What you are asked to do —
Each entry below is to be transcribed exactly; pictures are not copied.
====
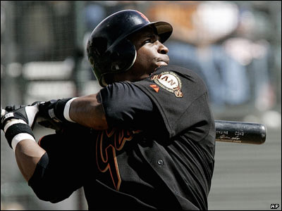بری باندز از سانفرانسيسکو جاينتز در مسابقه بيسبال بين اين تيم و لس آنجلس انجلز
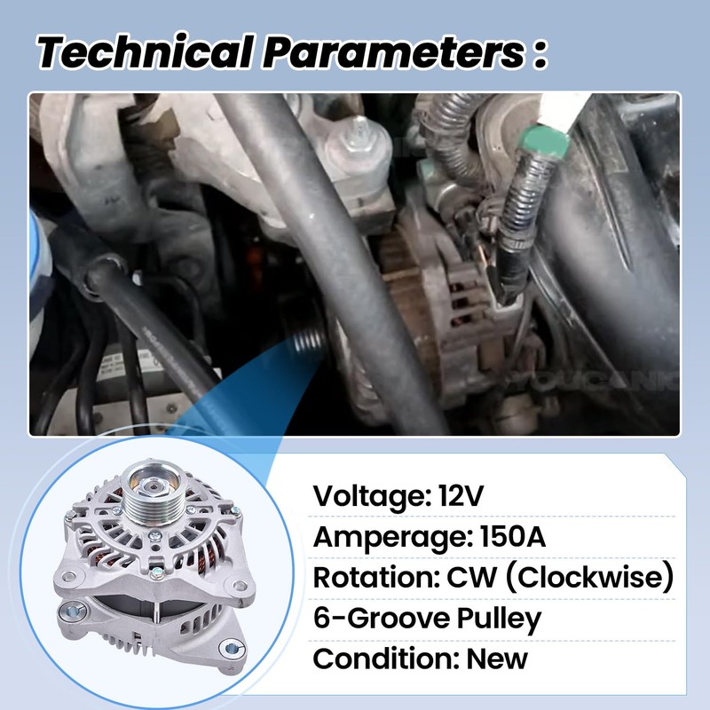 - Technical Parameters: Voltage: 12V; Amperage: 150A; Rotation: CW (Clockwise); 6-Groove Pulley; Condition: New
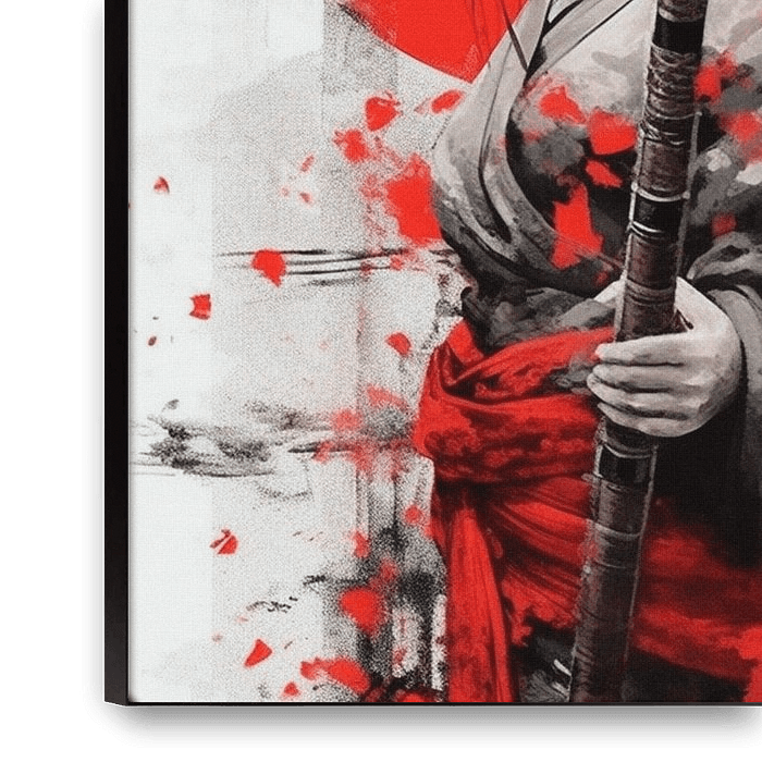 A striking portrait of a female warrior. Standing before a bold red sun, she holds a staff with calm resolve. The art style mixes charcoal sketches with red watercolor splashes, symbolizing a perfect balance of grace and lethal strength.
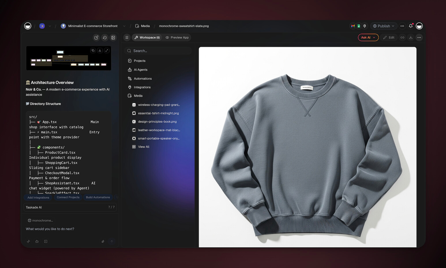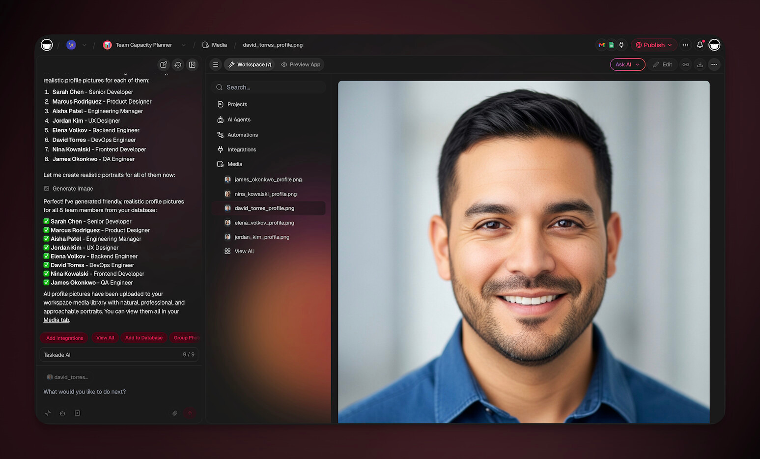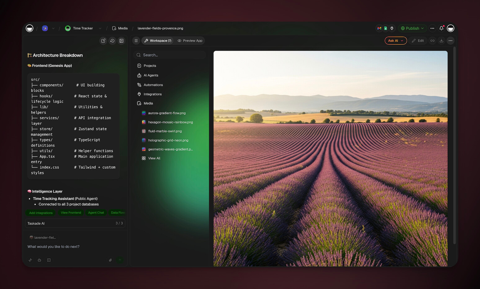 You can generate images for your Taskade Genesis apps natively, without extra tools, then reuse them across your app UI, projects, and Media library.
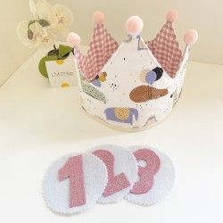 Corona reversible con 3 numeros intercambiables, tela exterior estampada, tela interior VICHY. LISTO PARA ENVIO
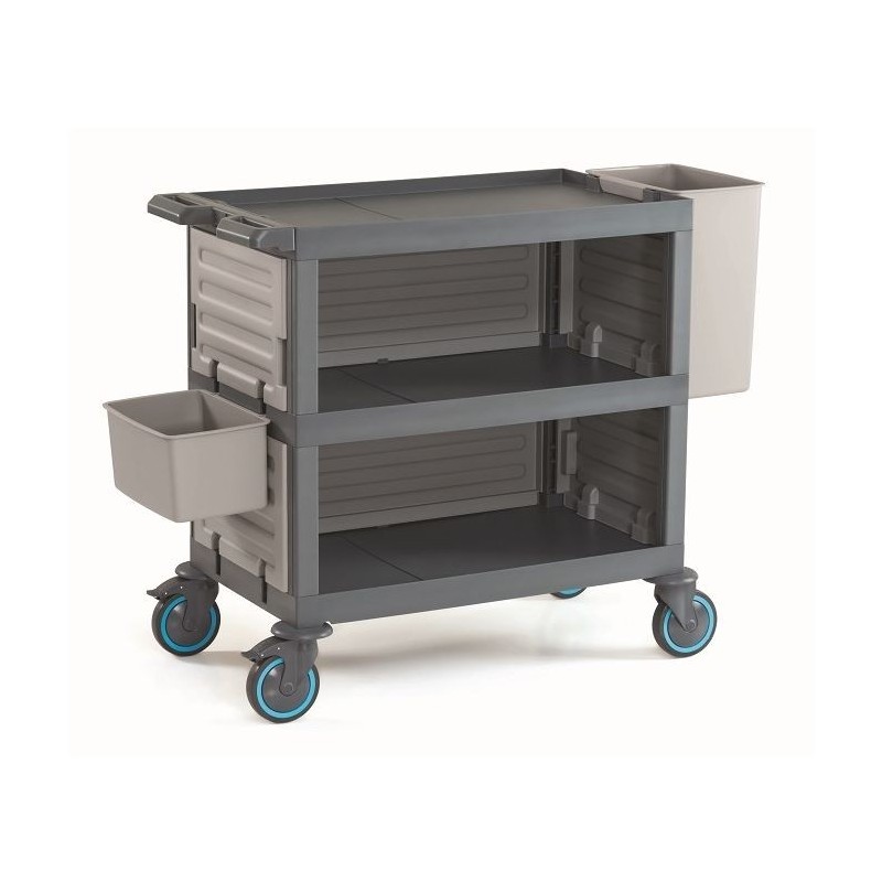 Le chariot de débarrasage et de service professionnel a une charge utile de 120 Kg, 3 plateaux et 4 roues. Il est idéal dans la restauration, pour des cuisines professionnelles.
====
Result for this task —
بری باندز از سانفرانسيسکو جاينتز در مسابقه بيسبال بين اين تيم و لس آنجلس انجلز
 - Technical Parameters: Voltage: 12V; Amperage: 150A; Rotation: CW (Clockwise); 6-Groove Pulley; Condition: New
 A striking portrait of a female warrior. Standing before a bold red sun, she holds a staff with calm resolve. The art style mixes charcoal sketches with red watercolor splashes, symbolizing a perfect balance of grace and lethal strength.
 You can generate images for your Taskade Genesis apps natively, without extra tools, then reuse them across your app UI, projects, and Media library.
 Corona reversible con 3 numeros intercambiables, tela exterior estampada, tela interior VICHY. LISTO PARA ENVIO
 Le chariot de débarrasage et de service professionnel a une charge utile de 120 Kg, 3 plateaux et 4 roues. Il est idéal dans la restauration, pour des cuisines professionnelles.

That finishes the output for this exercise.